Birth and breast/chest feeding have been a part of history since the dawn of mammalian existence, bringing various species of mammal together in a profoundly simple, empathetic way. After all, what nursing parent can look upon a nursing lioness without a primal, instinctive understanding of the weariness in her eyes, or give a knowing smile when she pushes an overly rambunctious cub off her nipple after they get too rowdy? The birth and feeding of our young is simply a universal experience across species of mammals throughout the world.
The longevity of our species is due to this process being incredibly efficient and it allows mammals to adapt to a plethora of sub-optimal environments. There is no doubt that the medical establishment has helped our population explode from 1 billion around the year 1800 to almost 8 billion today, just 1200 years later (Worldometer, n.d.), with the evolutionary big bang that is modern western or allopathic medicine. While there is no debate that the rise of allopathic medicine has dramatically improved maternal and infant mortality rates throughout the world, these life phases are never without risk.
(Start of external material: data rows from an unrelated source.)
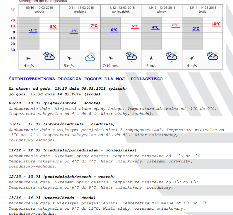 BiaÅ‚ostockie zespól IMGW-PIB opublikowaÅ‚ wÅ‚aÅ›nie Å›rednioterminowÄ… prognozÄ™, poczÄ…wszy od najbliższej soboty. O przymrozkach powinniÅ›my zapomnieć już w nocy z poniedziaÅ‚ku na wtorek. W Å›rodÄ™ zaÅ›, jeżeli termometry rzeczywiÅ›cie pokażą wiÄ™cej niż 10°C w cieniu, Å›miaÅ‚o stwierdzimy, że i na Suwalszczyźnie wiosna tuż, tuż.
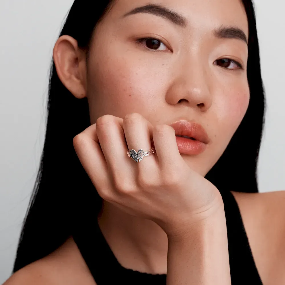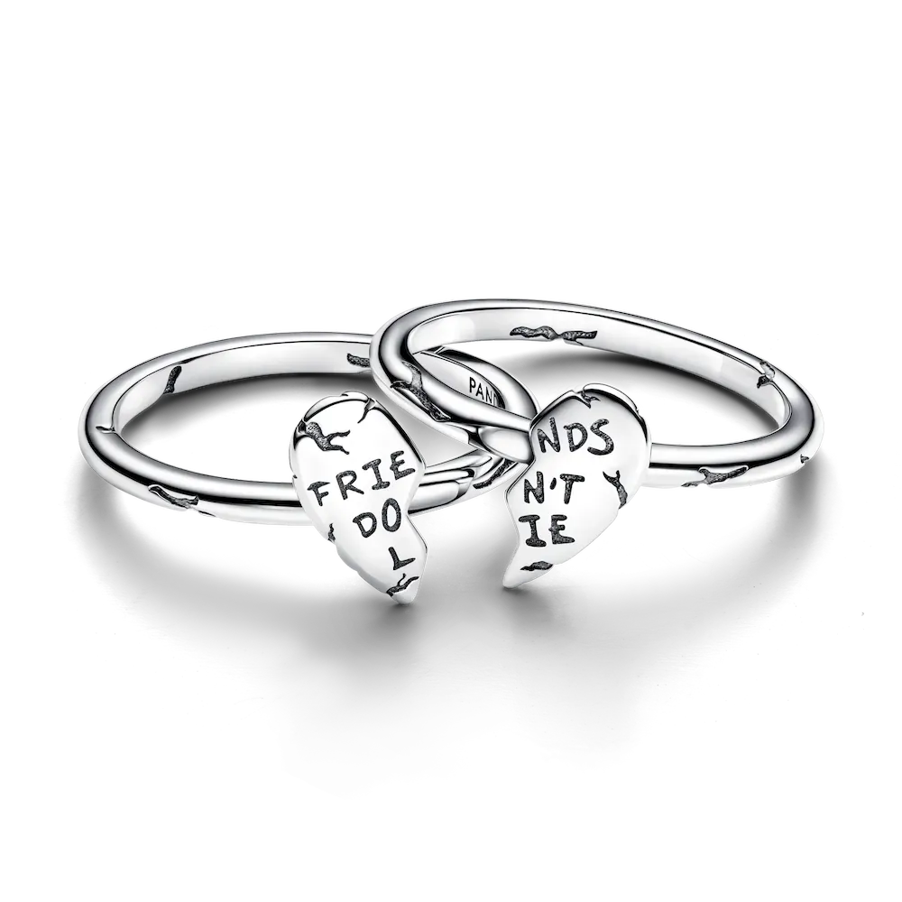 The Stranger Things Friends Don’t Lie Splittable Ring is crafted from sterling silver and features a heart motif that splits to reveal the engraving
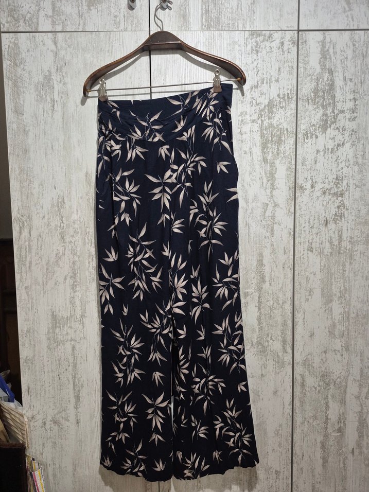 Lacivert, bol kesim, pileli ve koyu batik desenli uzun kadın pantolon, yumuşak sentetik kumaştan, günlük rahat kullanım için uygun.

Due to the inherently vulnerable nature of birthing parents and their children, in 1948 the newly founded United Nations deemed these cohorts have the natural, inalienable right to specialized care and support. The nature of that care and support, however, has not been specified and as a result our species continues to face too many preventable maternal and infant deaths throughout the world. This paper will focus on the United States specifically as a relatively wealthy, developed nation as the challenges in developed nations are quite different than those in developing nations having already successfully overcome many of the challenges that developing nations continue to face regarding access to safe homes, clean water and basic medical care, for example.